Being John Faso cannot be easy.
Here's a true Republican Party loyalist from Columbia County who by all rights should have had the nomination for state comptroller in 1994, but was forced off the ticket in a deal between the GOP and Conservative leadership.
Herb London, who got the comptroller's nomination that year, quickly became a low priority for those same leaders. He proceeded to mount a miserable candidacy and lose to Democrat H. Carl McCall in what was otherwise a good year for Republican candidates.
Cut to 2002. Faso, after serving as Assembly minority leader, gets the nomination for comptroller in and, with the position now vacated by gubernatorial candidate McCall, Faso almost makes it.
He pulls up just short of Democrat Alan Hevesi on Election Day.
Four years later Hevesi is looking like a cinch for re-election when lightning strikes.
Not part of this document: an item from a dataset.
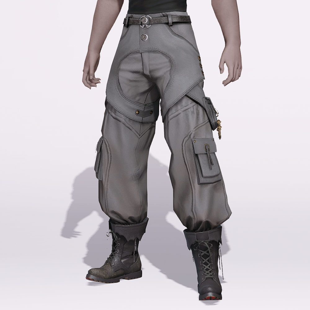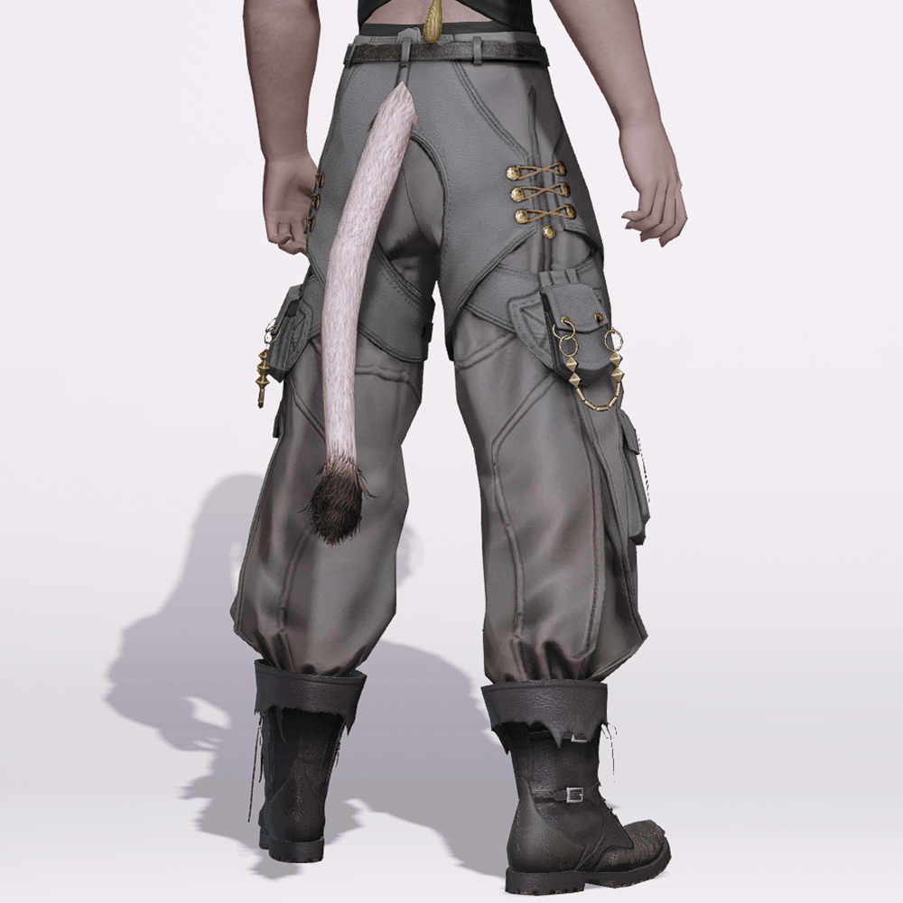 작업자의 바지라고 함은 첫째는 튼튼함, 둘째는 편안함, 셋째는 편리함을 갖춰야 하지 않을까요? 질기고 힘 있는 원단을 넉넉히 사용해 만든 헐렁한 바지입니다. 핏은 아무래도 좋고, 튼튼히 만들다 보니 원단을 이어붙인 재봉선 디테일이 꽤 진합니다. 그 위로도 얇은 가죽제 보호대를 허벅지 부근에 덧대어 허리띠로 함께 고정할 수 있게 두었습니다. 넉넉한 깊이의 주머니와 작은 가방에는 간식부터 여러 소품들을 수납할 수 있어 실용적. 기능에 충실하다고는 하지만 일부에선 금속 장식들을 사용해 포인트를 주어 굳이 작업자가 아니어도 입고다니기 좋습니다. 아무렴, 보기 좋은 떡이 먹기도 좋은 법이죠. 여러모로 묵직한 정보값이 들어간 바지다 보니, 그에 맞춰 상의를 매치하는것을 추천드립니다. 다행히도(?) 허리 선이 깔끔히 정리되는 편이라 그 부분의 고민은 덜 수 있습니다.

He falls into scandal, its impact assisted by a suddenly-animated state Ethics Commission and a suddenly-relevant Gov. George Pataki.
Where's Faso when this happens? Unfortunately for him, he's out running for what turns out to be the wrong job, governor, against a seemingly unstoppable foe.
So while Faso trails Eliot Spitzer in all polls, comptroller nominee Chris Callaghan -- a complete unknown from the Saratoga GOP -- finds himself struggling to surpass the wounded Hevesi.
Does anyone believe that if Faso were the comptroller candidate this time, he wouldn't be way ahead by now, finally nailing down the job he sought to begin with, persuading voters on the plain logic that it might be a good idea to have a Republican comptroller as watchdog on a Democratic administration?
Being John Faso cannot be easy.


Comments (1)
Except Faso probably would have not exposed Hevesi the way Callaghan did so he wouldn't get the benfit of Hevesi's freefall. Faso is a smart but starcrossed candidate.